L’inverna prend le relais. Ce thermique remonte du sud, depuis le bas du lac côté lombard, se met en place en début d’après-midi et tient généralement jusqu’en fin d’après-midi. C’est le vent des vélistes locaux, régulier plutôt que puissant, et c’est celui sur lequel il faut caler une session.
Le Ceresio : la breva, et pas grand-chose d’autre
Le lac de Lugano est plus encaissé, plus tortueux, et son régime est plus simple : la breva, thermique de sud qui s’installe l’après-midi par temps stable, l’équivalent local de l’inverna. Sur un lac aussi découpé, le vent tourne avec les reliefs et les zones abritées sont nombreuses. Ajoutez à cela les interdictions du golfe de Lugano et de Ponte Tresa, et le Ceresio devient un lac de repli plus qu’une destination principale.
Quel matériel pour des thermiques de lac
Tramontana, inverna et breva ont un point commun : ce sont des brises thermiques, pas des dépressions. Elles sont régulières et rarement violentes. Concrètement, cela veut dire du grand volume et de la portance.
En wingfoil, c’est le terrain des front wings à fort allongement et grande surface, montés sur un mât qui ne cavite pas quand vous cherchez à tenir dans les molles. En kite, les tailles au-dessus de ce que vous prenez sur le Léman en automne. Et dans les deux cas, une planche qui pardonne au démarrage : sur une brise de lac, le décollage se joue à un ou deux nœuds près.
Si vous hésitez sur une taille de foil ou une surface d’aile pour ce type de plan d’eau, écrivez-nous : nous naviguons sur les mêmes brises à Neuchâtel et nous connaissons le comportement du matériel dans le léger.
La saison tessinoise
L’atout du Tessin n’est pas la force du vent, c’est la durée de la saison. Le sud des Alpes reste praticable au printemps et à l’automne quand le Plateau est sous le stratus, et l’eau y est plus tempérée. C’est le plan B des week-ends de mauvais temps au nord : pendant que le Léman est gris et sans air, le Verbano tourne souvent avec l’inverna.
Une dernière chose : les règles citées ici proviennent du règlement cantonal en vigueur, mais un règlement se modifie.
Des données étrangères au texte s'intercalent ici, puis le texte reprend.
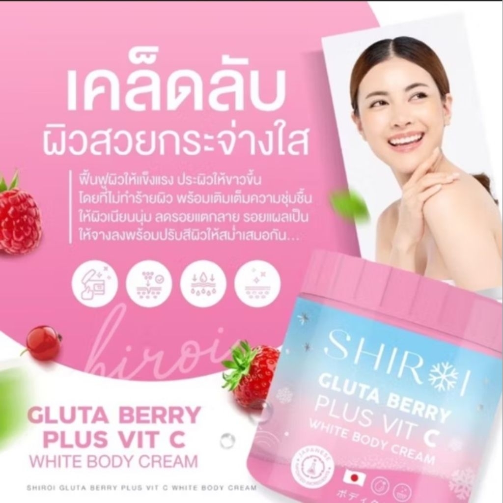 ชิโรอิ กลูต้า เบอร์รี่ ครีมบำรุงผิวกาย สูตรเนื้อเข้มข้น (แบบซอง 40กรัม)

Avant une première session dans un secteur que vous ne connaissez pas, vérifiez auprès du service de la navigation du canton du Tessin. Sur le lac de Morat, une amende de 150 francs pour kitesurf en zone fermée a été confirmée jusqu’au Tribunal fédéral après quatre ans de procédure. Les zones d’exclusion sont opposables.